Member log in

Sealegs narrows loss on rising sales, lower marketing spend

BUSINESSDESK: Sealegs Corp, which makes amphibious boats, halved its annual loss after boosting sales by more than a third and embarking on a restructuring programme that slashed its marketing bill.

The Auckland-based company made a loss of $1.9 million in the 12 months ended March 31, from a loss of $3.6 million a year earlier.

Sealegs boosted revenue 38% to $13.8 million, while stripping $1.4 million from its annual marketing spend to $1.1 million.

Sealegs is working with a South Korean shipbuilding company to develop bigger vessels capable of carrying a heavier load, and has attracted "considerable interest" from boat builders in many global markets, it said.

"Our efforts to focus on growth and efficiency are starting to pay off," chief executive David Glen said.

"We are confident that our patented technology has a real competitive advantage and we are confident this new technology will enable it to enter new markets."

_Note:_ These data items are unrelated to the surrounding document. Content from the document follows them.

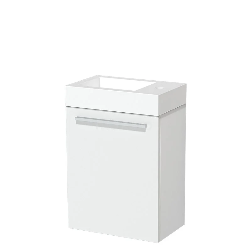 Het toiletmeubel is gecombineerd met een Meza-wastafel, waarbij het kraangat zowel links als rechts geplaatst kan worden. Dit exemplaar is uitgevoerd in hoogglans wit en kenmerkt zich door strakke, rechte lijnen. De wastafel is gemaakt van mineraalmarmer, waarover een gelcoating is aangebracht voor een mooie glans. Het materiaal is zeer onderhoudsvriendelijk. Krassen en vuil poetst u namelijk eenvoudig weg.
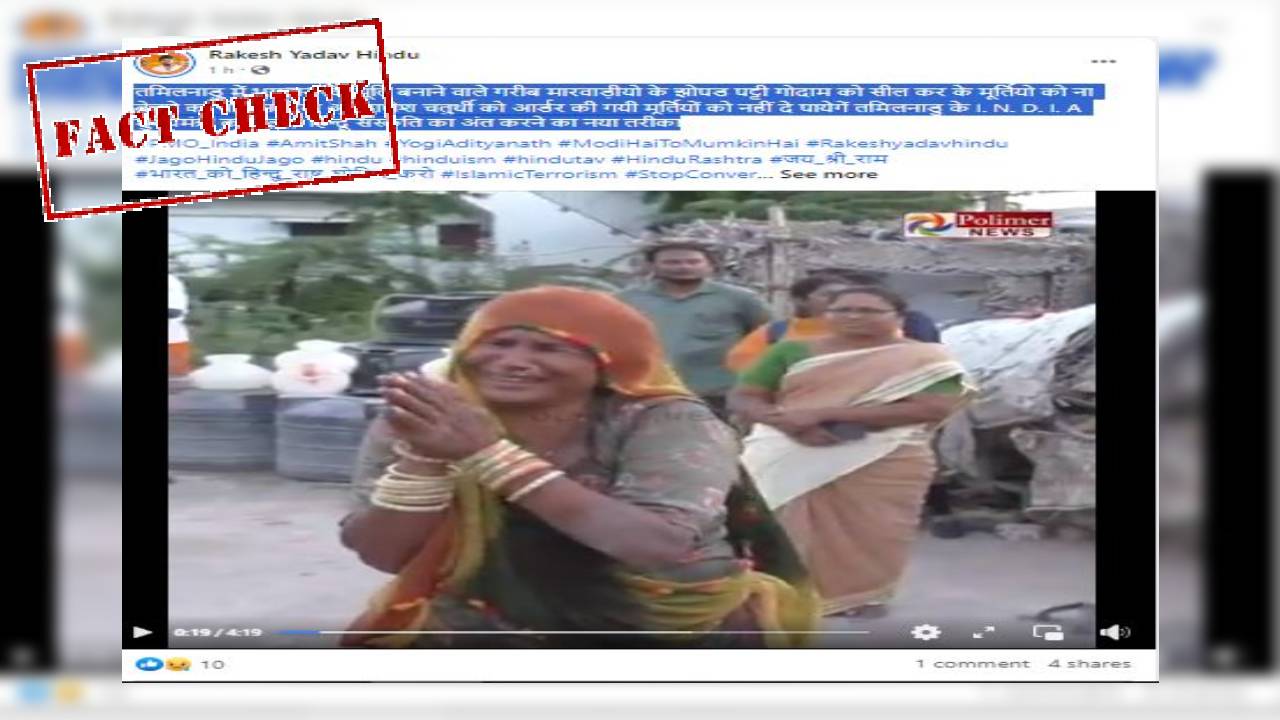 फेसबुक का पोस्ट कुछ इस प्रकार है,’तमिलनाडु में भगवान कि मूर्ति बनाने वाले गरीब मारवाड़ीयो के झोपड पट्टी गोदाम को सील कर के मूर्तियो को ना बेचने का नोटिस दिया अब गणेश चतुर्थी को आर्डर की गयी मूर्तियों को नहीं दे पायेगें तमिलनाडु के I. N. D. I. A मुख्यमंत्री का ऐलान हिन्दू संस्कृति का अंत करने का नया तरीका’
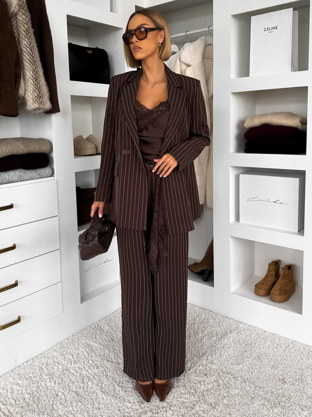 Hnědé pruhované elegantní oversize sako LEXUMA

Last September the company embarked on a restructuring programme to carve out annual costs of $800,000 from a smaller workforce.

The board didn't declare a dividend. Its shares rose 10%, or 1 cent, to 11 cents, valuing the company at $13.7 million.

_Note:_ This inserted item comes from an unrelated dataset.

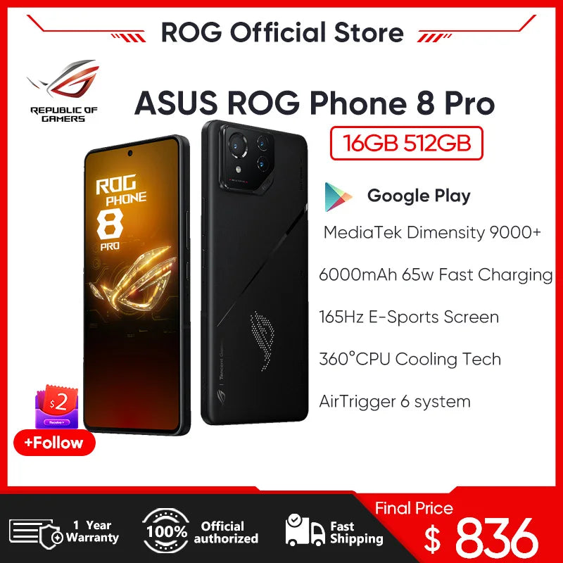 ASUS ROG Phone 8 Pro 5G Smartphone Snapdragon 8 Gen 3 6.78'' 165HZ AMOLED Display Gaming Phone 5500mAh 65W Charge 50MP NFC
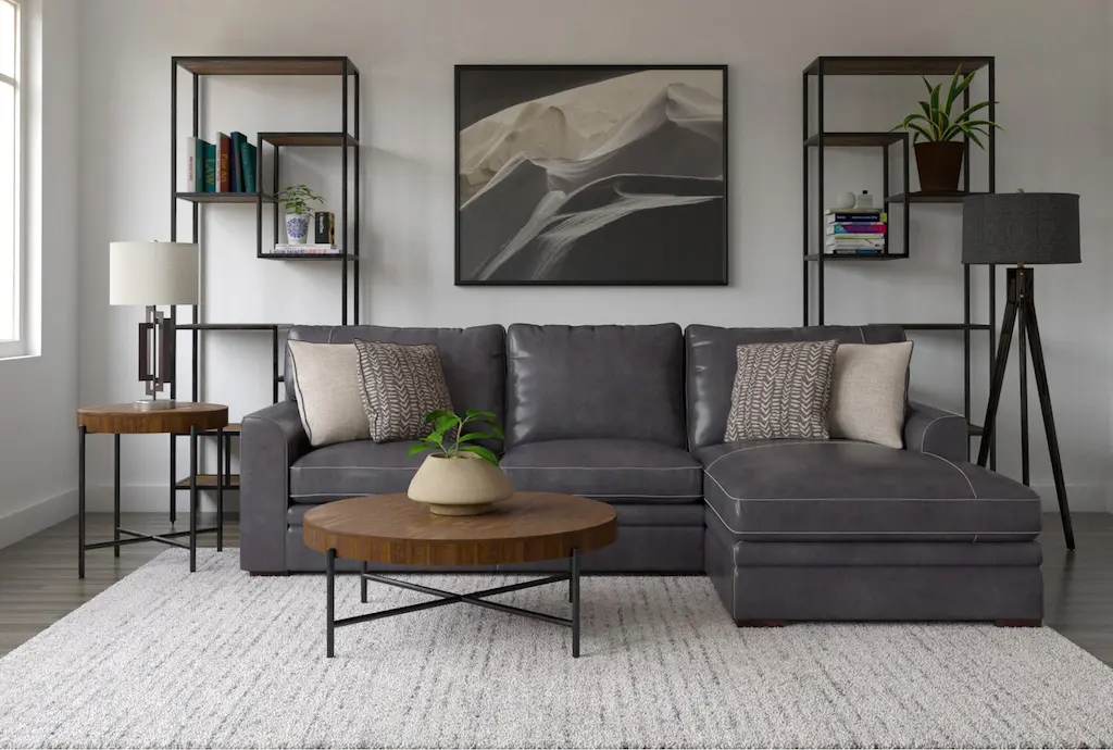 Introducing the Greer Dark Grey Black Leather 2 Piece 105" Modular Sectional with Right Arm Facing Chaise and Left Arm Facing Loveseat. This deep seated sectional offers unparalleled comfort with its soft, foam cushions and is perfect for any living room. The modular design allows for easy configuration to fit your space perfectly.

The company's operations and financing were cashflow positive in the year, though it had a net outflow from investment activities, meaning there was a net outflow of $323,000.

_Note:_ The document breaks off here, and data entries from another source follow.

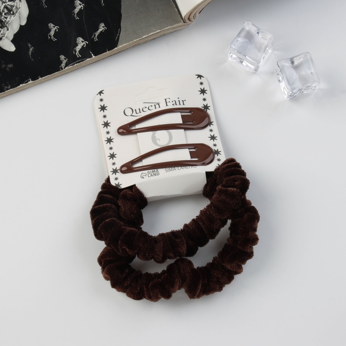 Набор для волос «Глория нежность», 2 резинки 5.5 см, 2 невидимки 5 см, коричневый
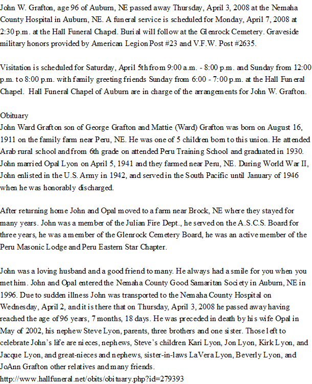 Died: April 3, 2008 in Auburn, Nemaha County, Nebraska.
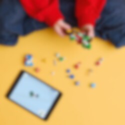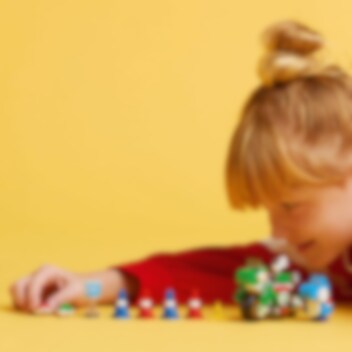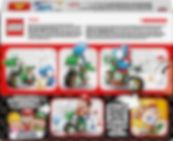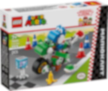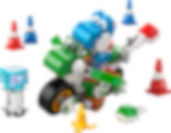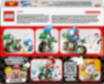 Gör dig redo för Mario Kart action med Light-Blue Yoshi! Cykla på Yoshi Bike och sladda mellan trafikkonerna... eller skjut sköldpaddsskal på dem från cykeln. Men se upp för den hala Banana! Sätt LEGO® Mario, LEGO® Luigi eller LEGO® Peach (figurer ingår inte) i förarsätet för att utlösa Mario Kart ljud och visuella effekter och få olika föremål från Item Box som du kan använda i loppet!
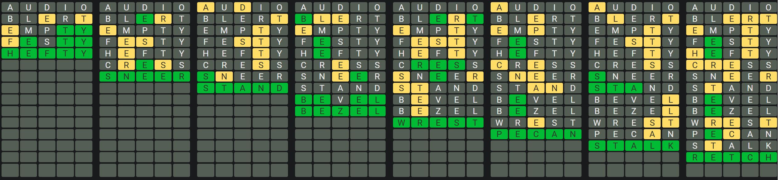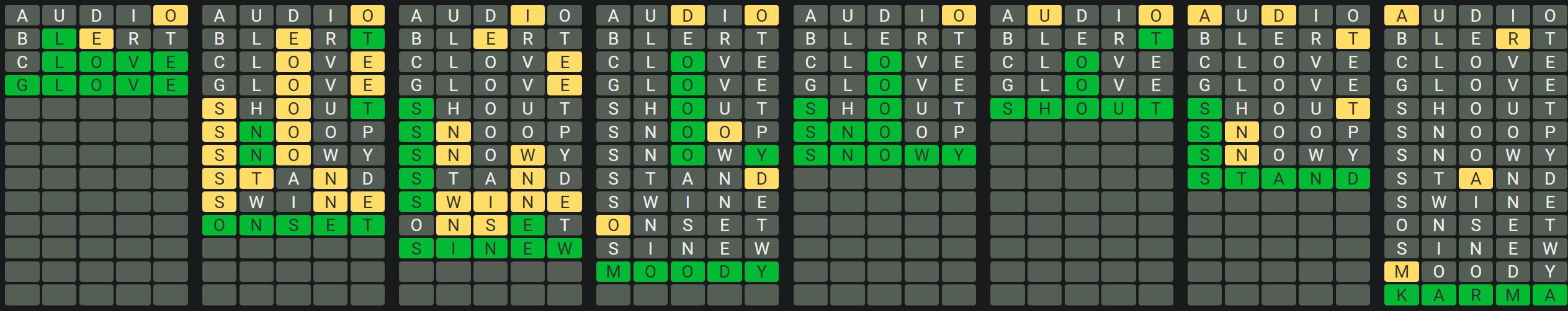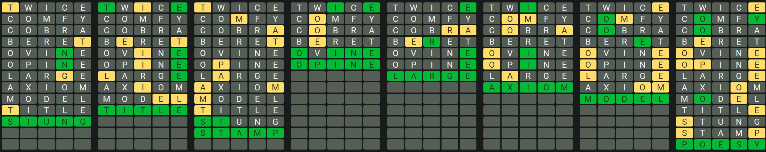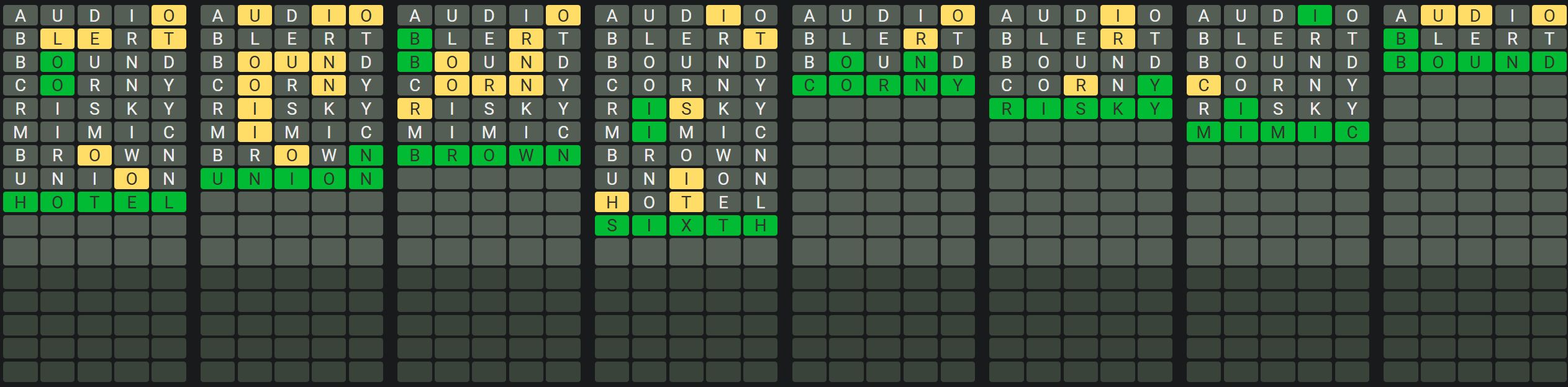 The Sequence Mode is similar to the original Octordle game with the following changes.
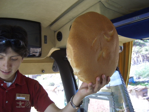 これは 麦ととうもろこしで出来たパン、ガイドの青年がバスを止めて買いに
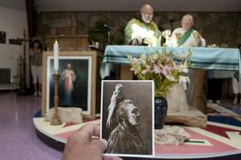 USA. Montana. August 2012. Father Charles prepares the eucharist...
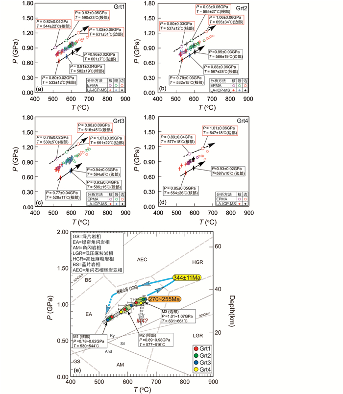 当应用LA-ICP-MS的分析数据时,自核部→幔部→边部,大颗粒的石榴石平均温压变化为:①Grt1:T=533±12℃和P=0.80±0.02GPa→T=582±19℃和P=0.91±0.04GPa→T=601±7℃和P=0.96±0.02GPa(图 7a);②Grt2:T=532±15℃和P=0.79±0.03GPa→T=567±28℃和P=0.88±0.06GPa→T=586±19℃和P=0.95±0.03GPa(图 7b);③Grt3:T=528±11℃和P=0.77±0.04GPa→T=586±15℃和P=0.93±0.04GPa→T=594±6℃和P=0.94±0.03GPa(图 7c)。小颗粒的石榴石(Grt4)核、边的平均温压变化为:T=554±26℃和P=0.85±0.05GPa→T=587±10℃和P=0.93±0.02GPa(图 7d)。
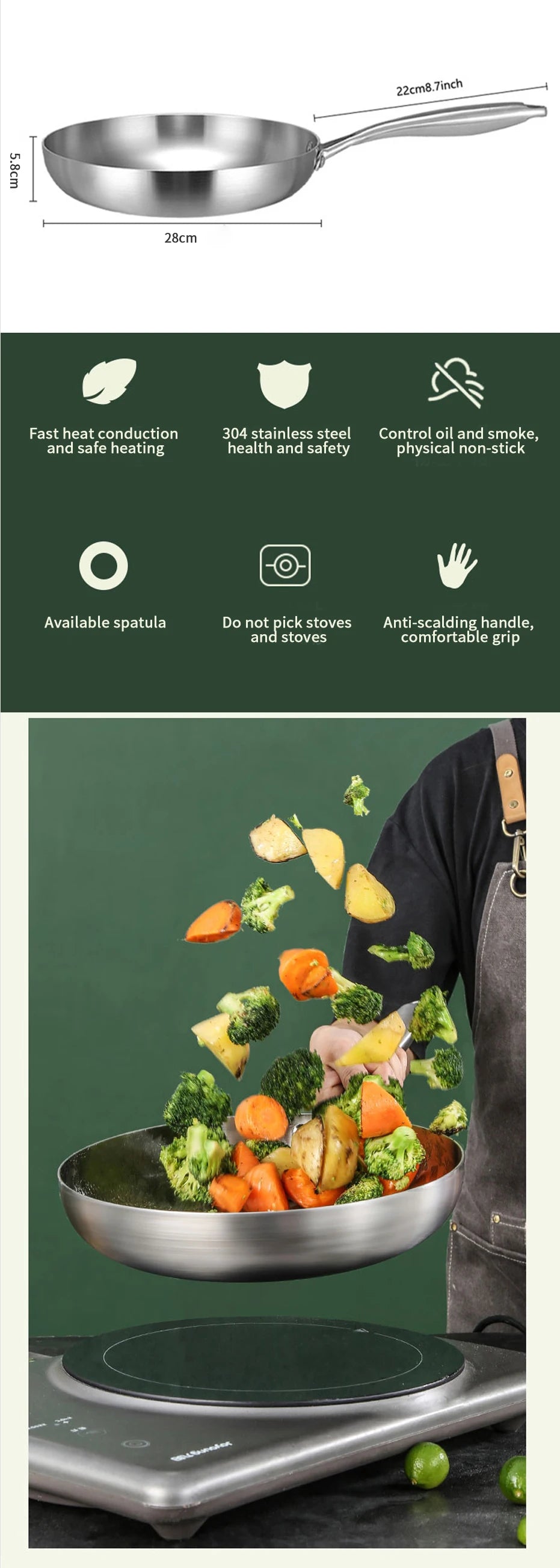 Matériau de Qualité : Fabriquée en acier inoxydable 304, cette poêle garantit une durabilité exceptionnelle et une performance antiadhésive optimale pour des cuissons saines.

As at March 31, Sealegs had $4.2 million in cash or equivalents.

Comments and questions
2

Without sounding unpatriotic, why do Kiwi investors stick with companies like Sealegs Xero and pacific Edge which constantly fail to deliver and constantly state they are " gunna" perform in the next financial year and never do.

I am lost as to why

I think sealegs has real potential. It's a product that's unique. Xero is just another accounting system which happens to be delivered online like so many others. Xero spent $10mil more than it earnt in the last year. And it's been doing that for the last 6 years.